The number of older adults with serious psychiatric disorders is estimated to climb as high as 15 million by the year 2030. And, the number of older adults in need of substance use treatment will increase from 1.7 million in 2000 and 2001 to 4.4 million in 2020. In order for older Americans to actively participate in their communities, many depend on health services, including physical and mental health services, as well as services offered for substance use. Given the prevalence of social workers in these settings and the rapidly growing population of older adults, the successful realization of the MAC Project’s goals are more urgent.
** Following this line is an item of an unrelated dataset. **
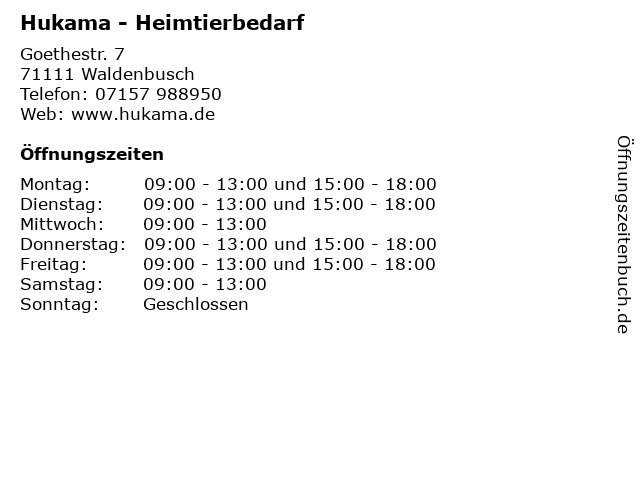 | Öffnungszeiten Hukama - Heimtierbedarf in Waldenbusch anzeigen | |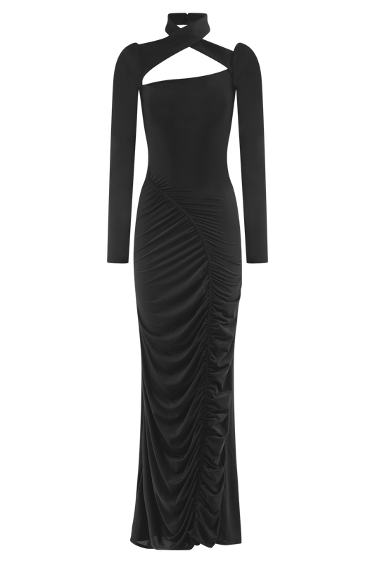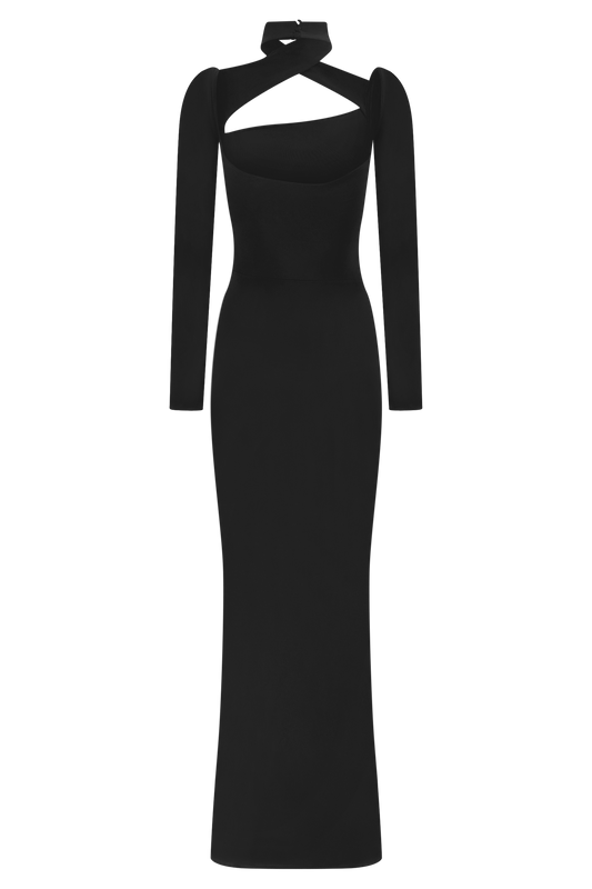 Lyndon Long Sleeve Slinky Maxi Dress - Black

The MAC Project focuses on increasing gerontological competencies in the MSW advanced specialty areas of health, mental health, and substance use. The MAC Project primarily fulfills its mission through creating resources that faculty can use to teach these three specialty areas and strives to examine the current state of knowledge to define a progressive agenda for social work education, practice, and research.

The MAC Project is a project of the Gero-Ed Center, which is led by Co-Principal Investigators Dr. Julia M. Watkins, executive director of CSWE, and Dr. Nancy Hooyman, the Hooyman Endowed Professor in Gerontology at the University of Washington, School of Social Work. The Center is funded by the John A. Hartford Foundation. Founded in 1929, the John A. Hartford Foundation is a committed champion of training, research, and service system innovations that promote the health and independence of America’s older adults. Through its grant making, the Foundation seeks to strengthen the nation’s capacity to provide effective, affordable care to this rapidly increasing older population by educating “aging-prepared” health professionals (physicians, nurses, social workers) and developing innovations that improve and better integrate health and supportive services. Mr. John A. Hartford and his brother, George L. Hartford, both former chief executives of the Great Atlantic & Pacific Tea Company, left the bulk of their estates to the Foundation upon their deaths in the 1950s. Additional information about the Foundation and its programs is available at www.jhartfound.org.